Урусандер откинулся на спинку кресла, в руке бокал, прижатый к животу. Тусклые голубые глаза устремились на художника с невиданной ранее резкостью. — Благой Кедаспела Энес, прошу садиться. Нет, сюда, справа от меня. Кажется, этим вечером здесь будем лишь я и вы.
— Вижу, мой лорд. — Он подошел. Едва он сел, показался слуга с бокалом под стать бокалу хозяина. Кедаспела принял его и вгляделся. Черное вино, редчайшее и самое дорогое в королевстве.
— Я посмотрел вашу сегодняшнюю работу, — продолжал Урусандер.
— Неужели, лорд?
Глаза Урусандера чуть дернулись — единственная деталь, выражающая его настроение, но что можно по ней понять? — Вам не любопытно мое мнение?
— Нет.
Лорд отпил глоток. Судя по выражению, в бокале была тухлая вода. — Надеюсь, можно предполагать, что мнение зрителей вам важно.
— Важно, господин мой? О да… в перспективе. Но если вы вообразили, будто я жажду хора восхвалений, то сочли меня слишком наивным. Почитая такую награду соком жизни, я страдал бы от жажды. Как почти любой творец в Куральд Галайне.
— Итак, мнения вам не важны?
— Важны только те, что мне льстят.
— И вы отрицаете потенциальную ценность здорового критицизма?
— Это зависит, — сказал Кедаспела, пробуя вино.
— От чего? — настаивал Урусандер. Слуги показались снова, с первой переменой блюд. Тарелки с шелестом легли на стол, воздух взвихрился вокруг суетящихся за спинами двух господ фигур, свечи мерцали, языки пламени колыхались туда и сюда.

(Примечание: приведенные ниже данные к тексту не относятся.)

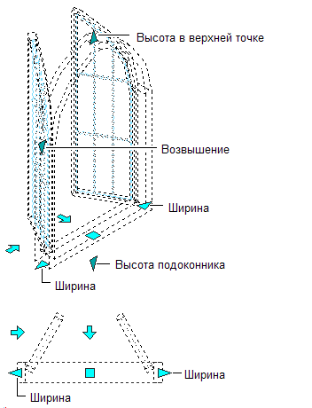 Ручки размеров окна на "Виде сверху" и на "Модели"
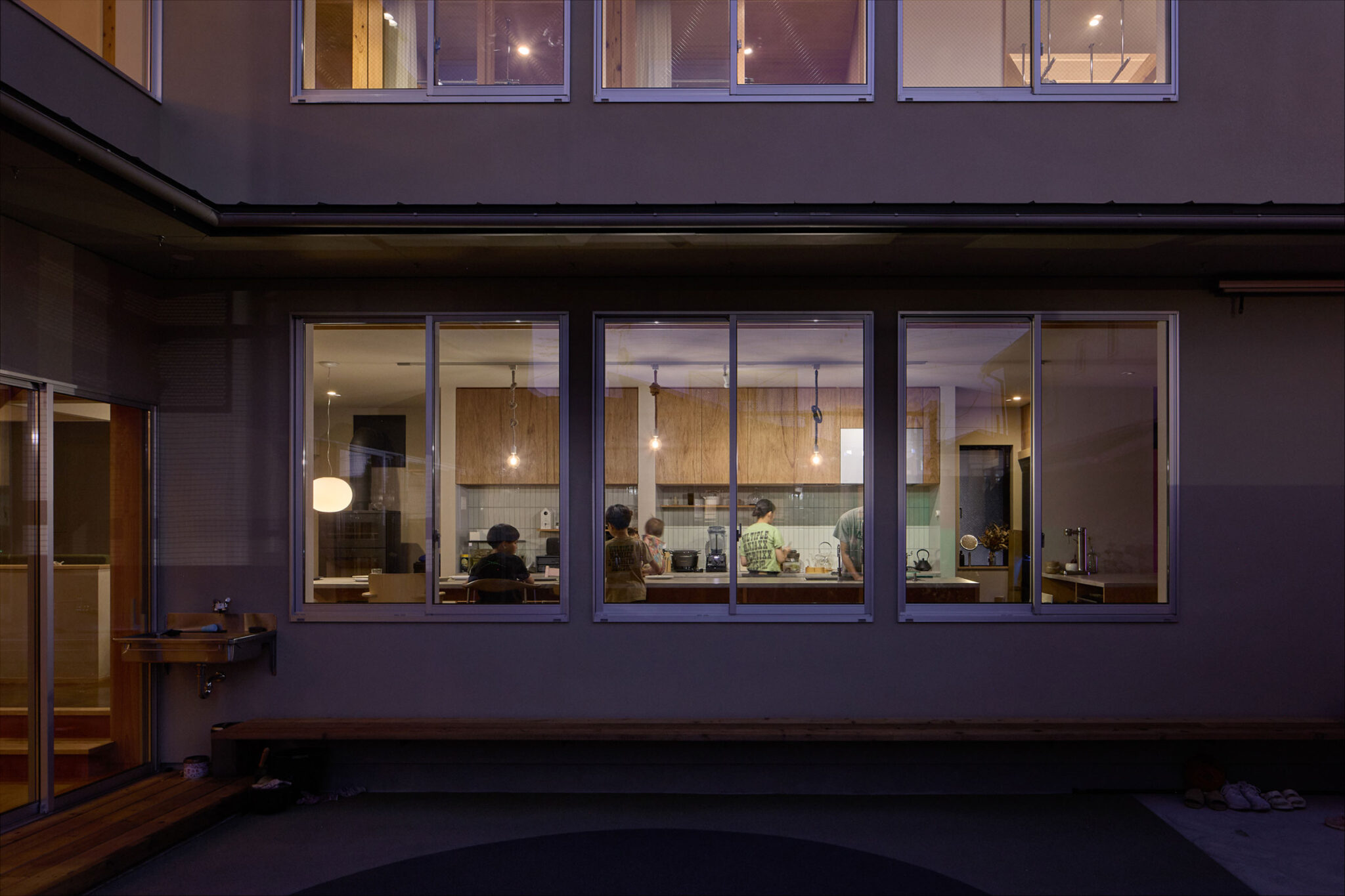 宮崎晃吉 / HAGISOによる、群馬の住宅「前橋の道の輪郭」。路地状の共有地などが見られる街区での計画。建築の時間と住み手の時間との折合いも主題とし、読み替えられながらも生き続ける存在を志向。路地の延長線上の“たまり”となる中庭の周りに諸室を配置する建築を考案「通り庭」より中庭を見る。夜景 photo©楠瀬友将
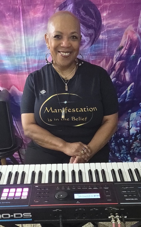 Anita at the keyboard embodying The Poetic Peace Experience, guided by Verse & Vibration: Poetry for Peace.
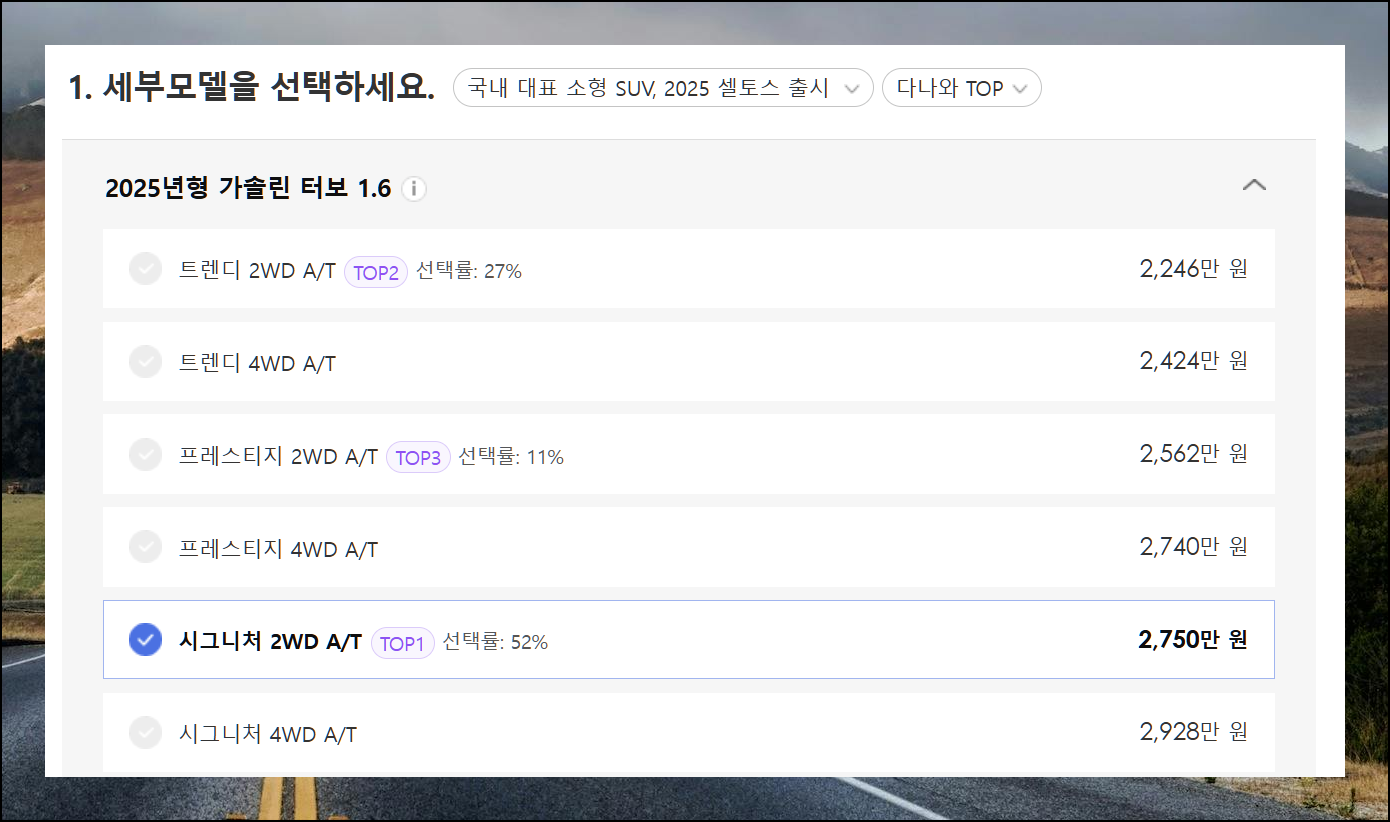 견적서 작성은 4단계로 이루어져 있어요. 첫 번째로 원하는 자동차의 세부 모델을 선택합니다. 어떤 종류를 고를지 고민된다면 인기 모델 TOP3를 참고하세요.

— Как идут ваши штудии, лорд?
— Избегаете ответа?
— Отвечаю своим способом.
Ни гнева, ни пренебрежительной насмешки не отразилось на увядшем лице Урусандера. — Отлично. Я сражаюсь с идеей моральной позиции. Писаный закон сам по себе чист, насколько может быть чистым язык, на коем он записан. Неясность возникает при практическом применении в обществе, и лицемерие кажется неизбежным следствием. Закон склоняется перед людьми власти, словно ива или, скорее, садовая роза, или плодовое дерево на стенной шпалере. Рост его зависит от прихотей властителей и вскоре закон становится воистину кривым.